> What is needed:
Only the lines below from the one containing "蔚蓝档案在春节期间会推出一系" through the one containing "Women'S Casual Crew" belong in the answer, set down exactly, with the pictures left out.

> Dataset items:
*** Begin section ***

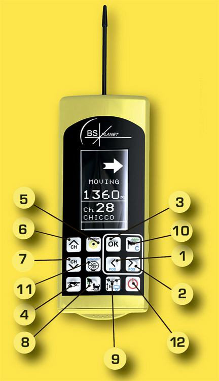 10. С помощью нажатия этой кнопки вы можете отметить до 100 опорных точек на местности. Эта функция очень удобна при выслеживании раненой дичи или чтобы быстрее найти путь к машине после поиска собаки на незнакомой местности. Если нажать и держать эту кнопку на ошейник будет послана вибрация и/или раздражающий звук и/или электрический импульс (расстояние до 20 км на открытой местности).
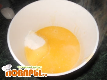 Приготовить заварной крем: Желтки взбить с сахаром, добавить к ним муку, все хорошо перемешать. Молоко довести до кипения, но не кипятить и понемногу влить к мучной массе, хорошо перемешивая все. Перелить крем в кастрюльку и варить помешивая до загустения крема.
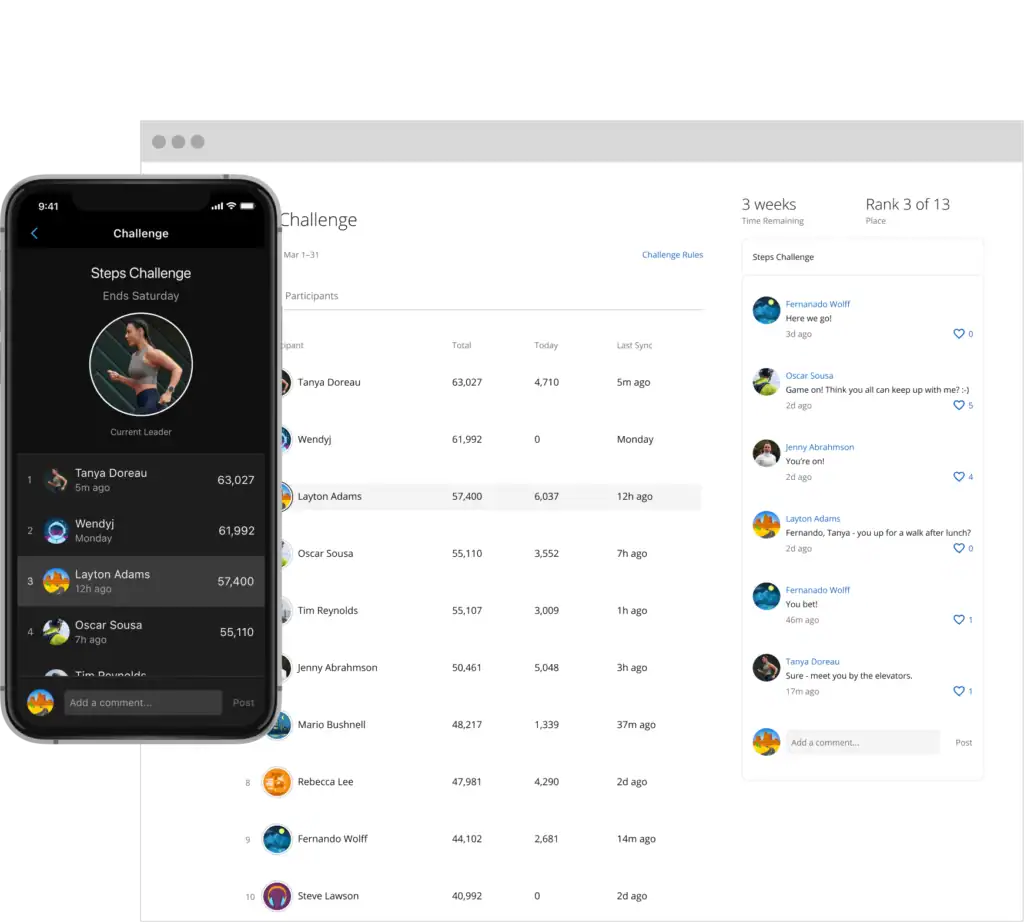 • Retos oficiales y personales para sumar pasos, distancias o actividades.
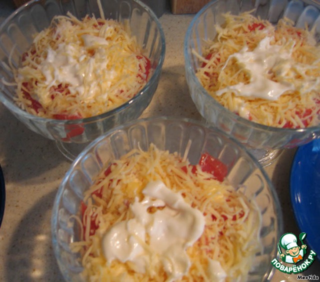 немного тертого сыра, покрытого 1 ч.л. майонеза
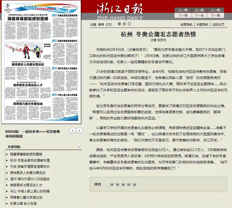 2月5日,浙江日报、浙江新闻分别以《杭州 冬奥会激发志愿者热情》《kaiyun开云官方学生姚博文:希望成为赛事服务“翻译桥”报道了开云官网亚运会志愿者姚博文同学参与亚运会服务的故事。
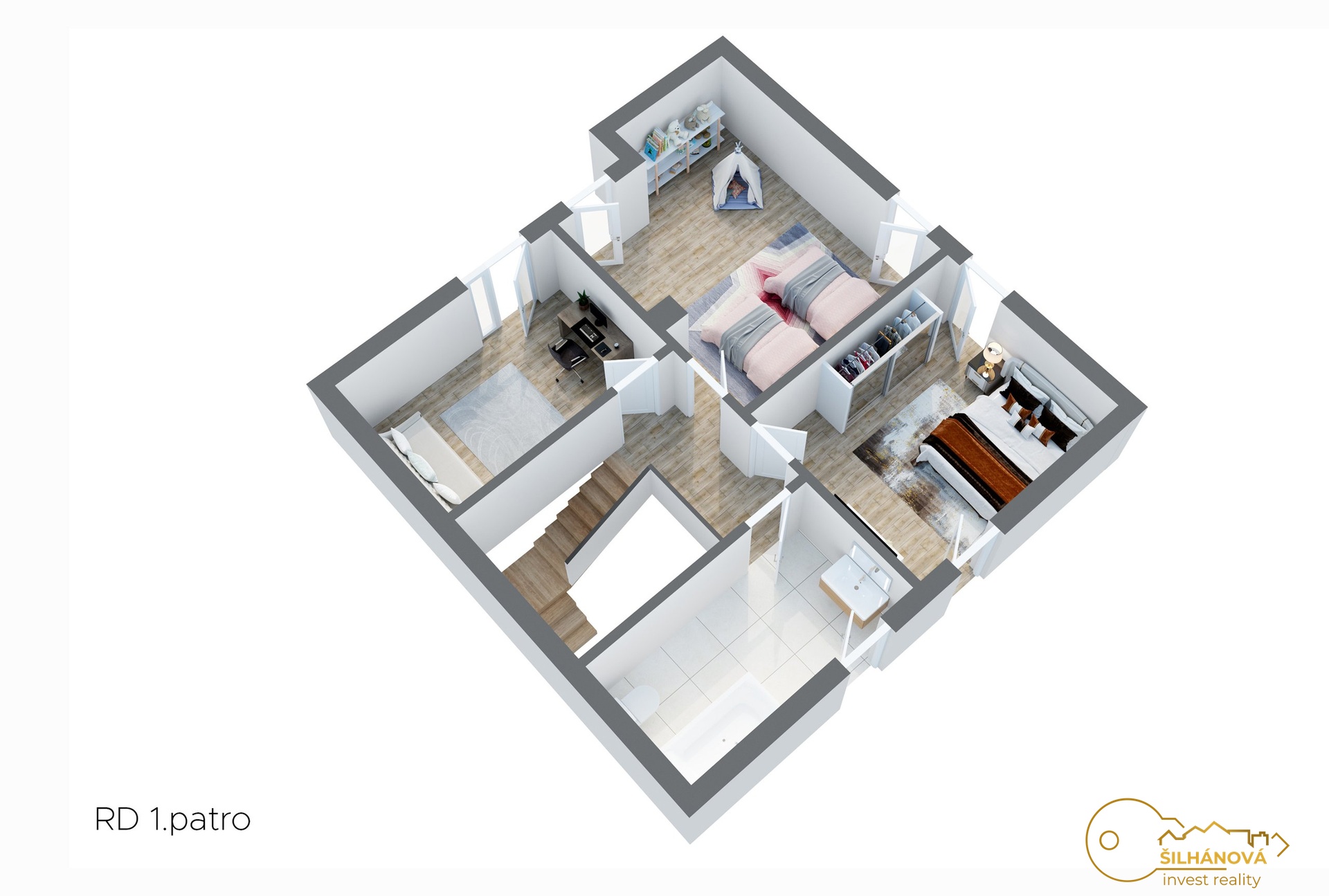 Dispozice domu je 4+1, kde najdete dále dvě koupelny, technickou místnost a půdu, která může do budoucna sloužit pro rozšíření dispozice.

*** End section ***
*** Begin section ***

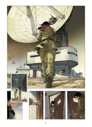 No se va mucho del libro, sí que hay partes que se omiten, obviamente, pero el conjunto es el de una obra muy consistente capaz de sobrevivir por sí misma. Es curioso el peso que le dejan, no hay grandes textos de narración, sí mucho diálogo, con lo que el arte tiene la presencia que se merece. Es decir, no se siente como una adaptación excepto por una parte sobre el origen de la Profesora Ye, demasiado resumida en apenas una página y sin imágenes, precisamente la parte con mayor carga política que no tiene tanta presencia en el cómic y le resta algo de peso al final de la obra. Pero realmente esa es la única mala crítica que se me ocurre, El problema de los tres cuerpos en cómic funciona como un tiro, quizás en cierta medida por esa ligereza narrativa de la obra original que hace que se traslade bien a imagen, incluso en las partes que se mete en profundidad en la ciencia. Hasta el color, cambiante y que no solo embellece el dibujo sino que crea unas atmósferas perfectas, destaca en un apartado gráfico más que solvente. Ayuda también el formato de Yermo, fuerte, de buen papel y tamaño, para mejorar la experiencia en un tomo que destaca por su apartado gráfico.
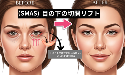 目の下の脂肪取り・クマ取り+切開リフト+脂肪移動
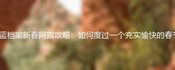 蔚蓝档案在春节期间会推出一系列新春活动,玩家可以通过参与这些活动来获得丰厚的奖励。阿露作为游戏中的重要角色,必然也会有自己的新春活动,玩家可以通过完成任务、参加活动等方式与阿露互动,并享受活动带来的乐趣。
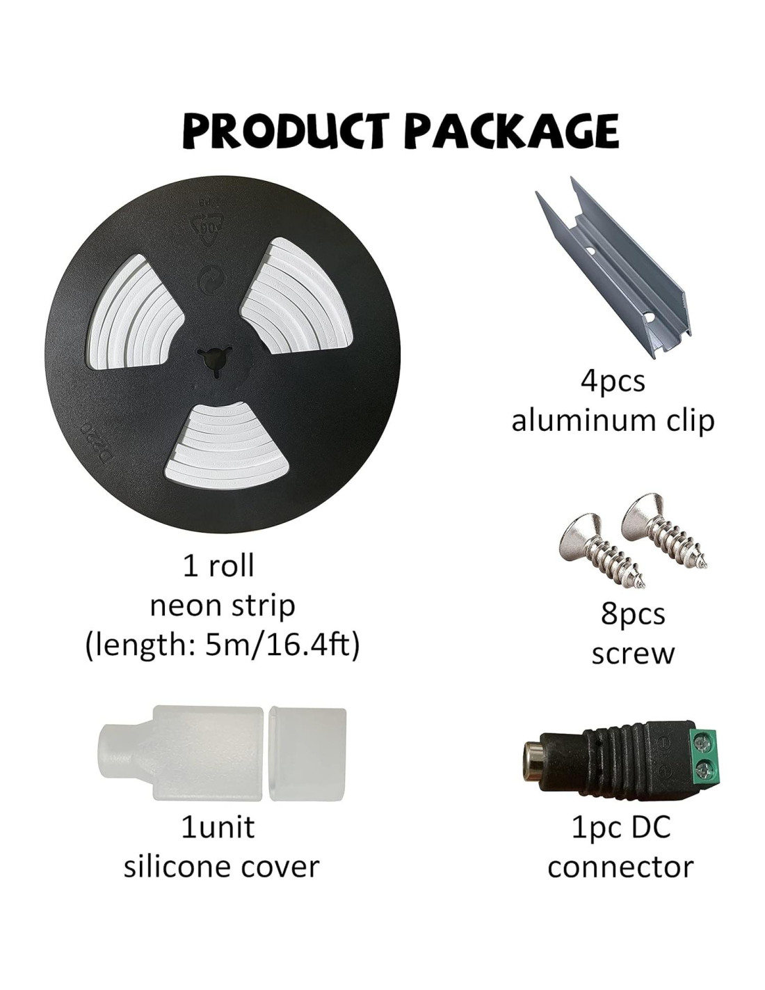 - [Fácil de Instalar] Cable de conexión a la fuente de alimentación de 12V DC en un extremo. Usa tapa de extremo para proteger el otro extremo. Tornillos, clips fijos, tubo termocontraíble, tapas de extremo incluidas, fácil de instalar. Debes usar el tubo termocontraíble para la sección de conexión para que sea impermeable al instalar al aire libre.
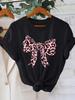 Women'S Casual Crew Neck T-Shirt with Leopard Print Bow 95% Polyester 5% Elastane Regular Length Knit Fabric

*** End section ***

> Exercise result:
 蔚蓝档案在春节期间会推出一系列新春活动,玩家可以通过参与这些活动来获得丰厚的奖励。阿露作为游戏中的重要角色,必然也会有自己的新春活动,玩家可以通过完成任务、参加活动等方式与阿露互动,并享受活动带来的乐趣。
 - [Fácil de Instalar] Cable de conexión a la fuente de alimentación de 12V DC en un extremo. Usa tapa de extremo para proteger el otro extremo. Tornillos, clips fijos, tubo termocontraíble, tapas de extremo incluidas, fácil de instalar. Debes usar el tubo termocontraíble para la sección de conexión para que sea impermeable al instalar al aire libre.
 Women'S Casual Crew Neck T-Shirt with Leopard Print Bow 95% Polyester 5% Elastane Regular Length Knit Fabric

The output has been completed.